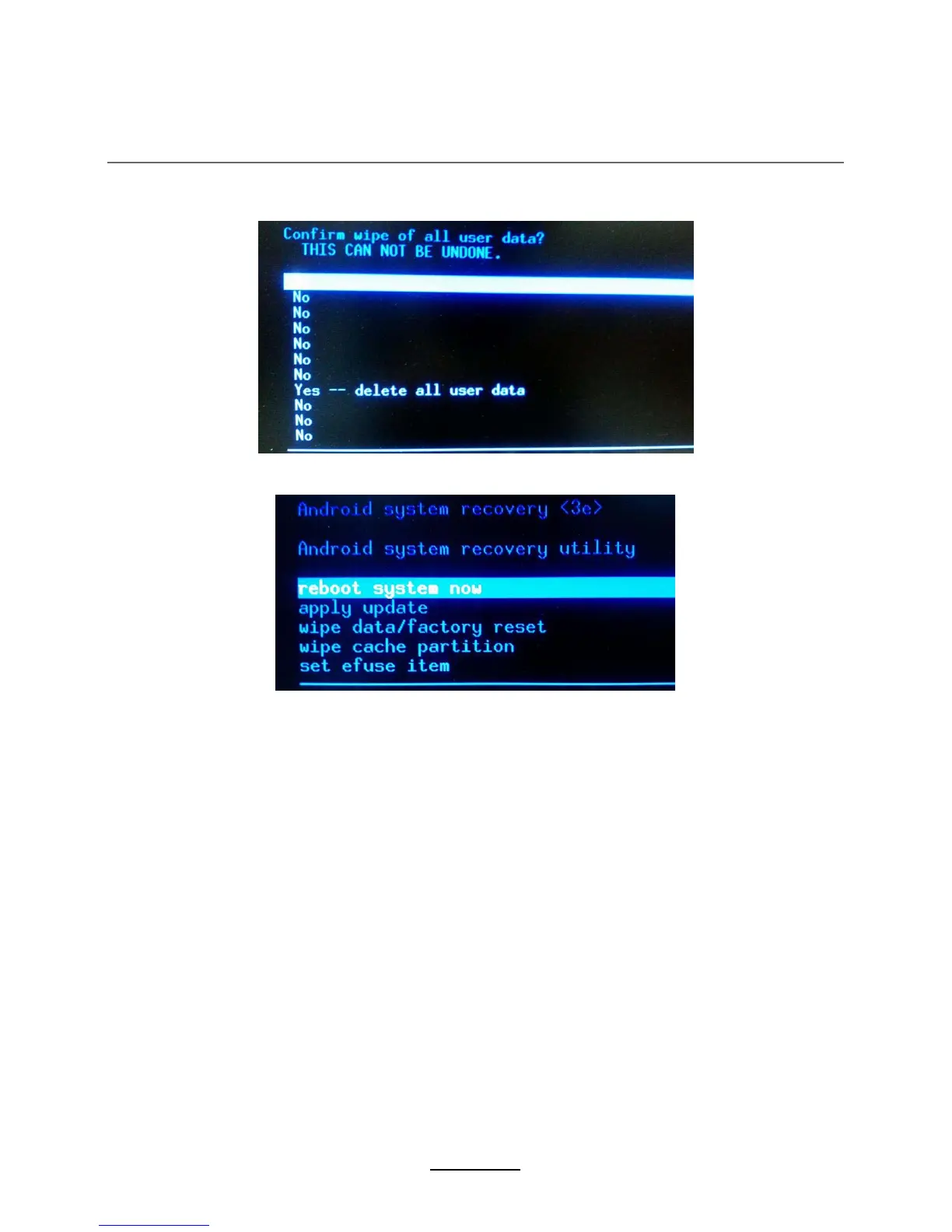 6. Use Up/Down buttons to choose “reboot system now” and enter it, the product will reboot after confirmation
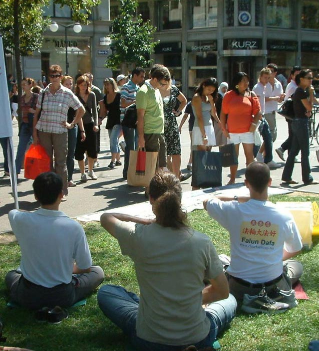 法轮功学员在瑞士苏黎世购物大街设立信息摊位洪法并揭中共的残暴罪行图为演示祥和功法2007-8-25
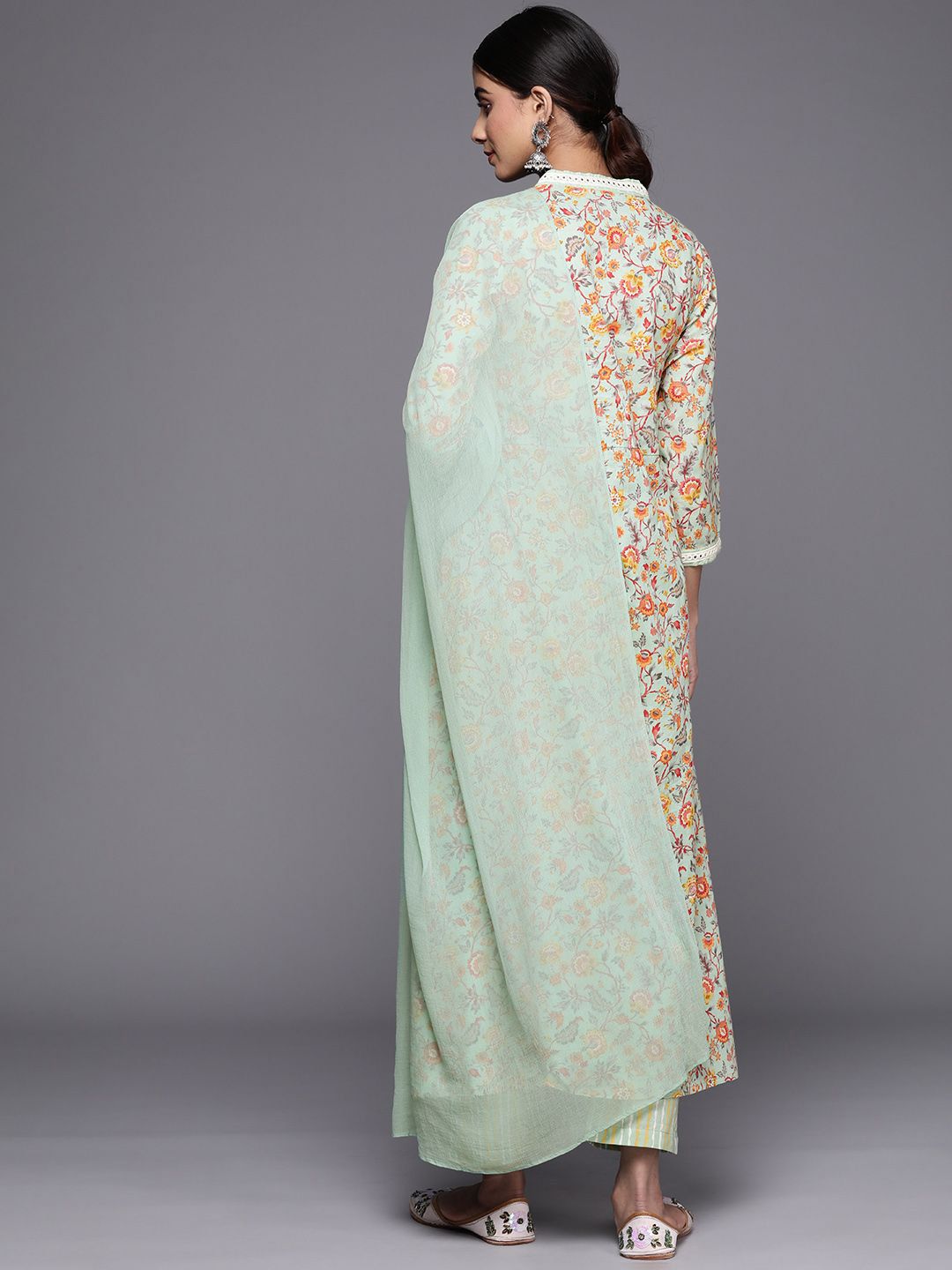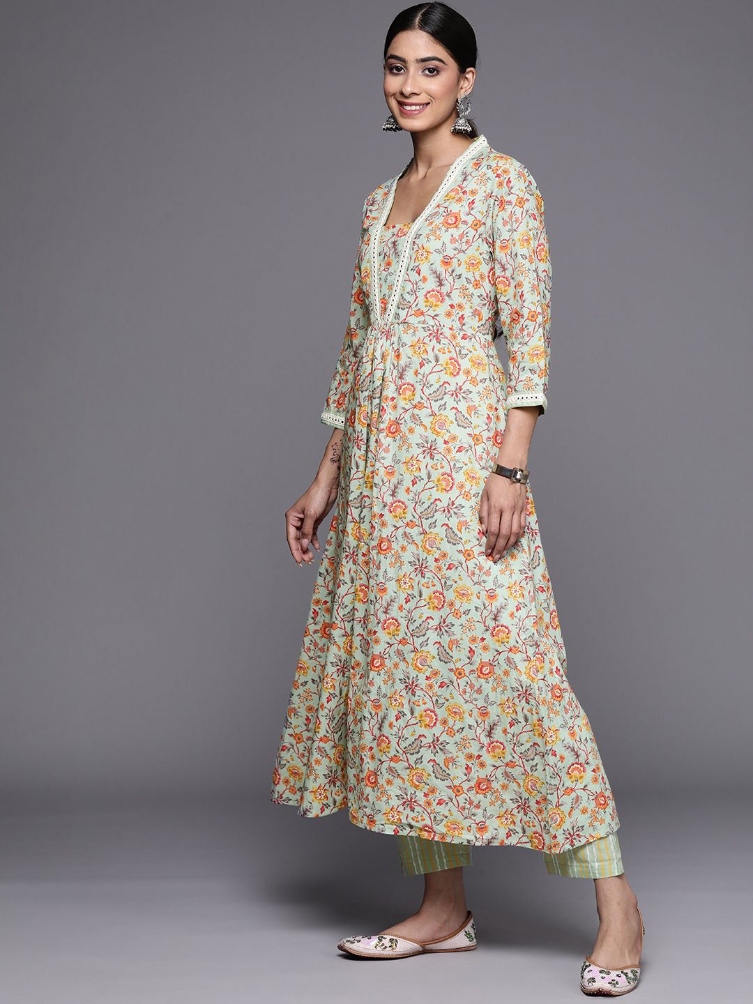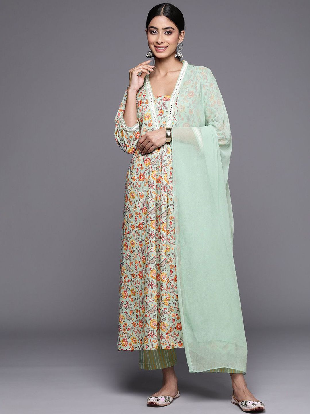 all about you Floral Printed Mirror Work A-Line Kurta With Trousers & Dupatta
====
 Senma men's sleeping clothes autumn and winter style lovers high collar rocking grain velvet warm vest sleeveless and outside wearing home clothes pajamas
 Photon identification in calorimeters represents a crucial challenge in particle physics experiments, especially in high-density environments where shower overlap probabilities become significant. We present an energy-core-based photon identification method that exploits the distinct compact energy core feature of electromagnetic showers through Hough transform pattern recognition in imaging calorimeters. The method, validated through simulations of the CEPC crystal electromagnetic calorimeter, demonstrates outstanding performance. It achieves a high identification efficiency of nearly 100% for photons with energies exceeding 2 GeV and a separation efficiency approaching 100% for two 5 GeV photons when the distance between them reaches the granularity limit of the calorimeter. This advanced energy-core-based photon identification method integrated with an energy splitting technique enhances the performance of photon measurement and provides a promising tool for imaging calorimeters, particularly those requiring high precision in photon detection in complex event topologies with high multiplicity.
====
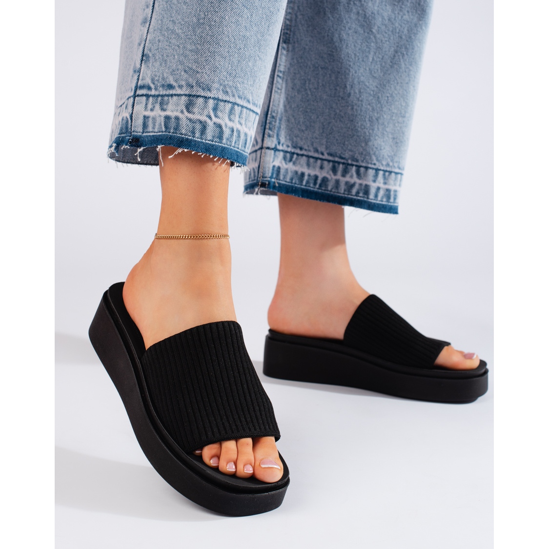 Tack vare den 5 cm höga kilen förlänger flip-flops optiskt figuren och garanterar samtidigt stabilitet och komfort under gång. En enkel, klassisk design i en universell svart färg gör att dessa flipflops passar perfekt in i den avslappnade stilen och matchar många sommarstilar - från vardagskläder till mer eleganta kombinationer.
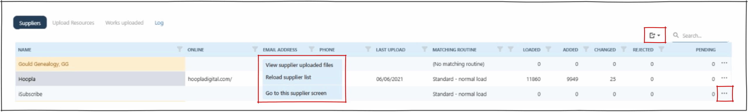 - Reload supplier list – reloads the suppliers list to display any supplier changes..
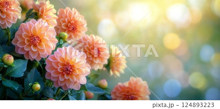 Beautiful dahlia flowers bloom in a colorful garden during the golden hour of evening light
====
Transcribe, from the material above, the stretch starting at the line with "6. Use Up/Down" and ending at the line with "all about you", both included, exactly. Do not carry over pictures.

● RESPONSE BOX:
 6. Use Up/Down buttons to choose “reboot system now” and enter it, the product will reboot after confirmation
 法轮功学员在瑞士苏黎世购物大街设立信息摊位洪法并揭中共的残暴罪行图为演示祥和功法2007-8-25
 all about you Floral Printed Mirror Work A-Line Kurta With Trousers & Dupatta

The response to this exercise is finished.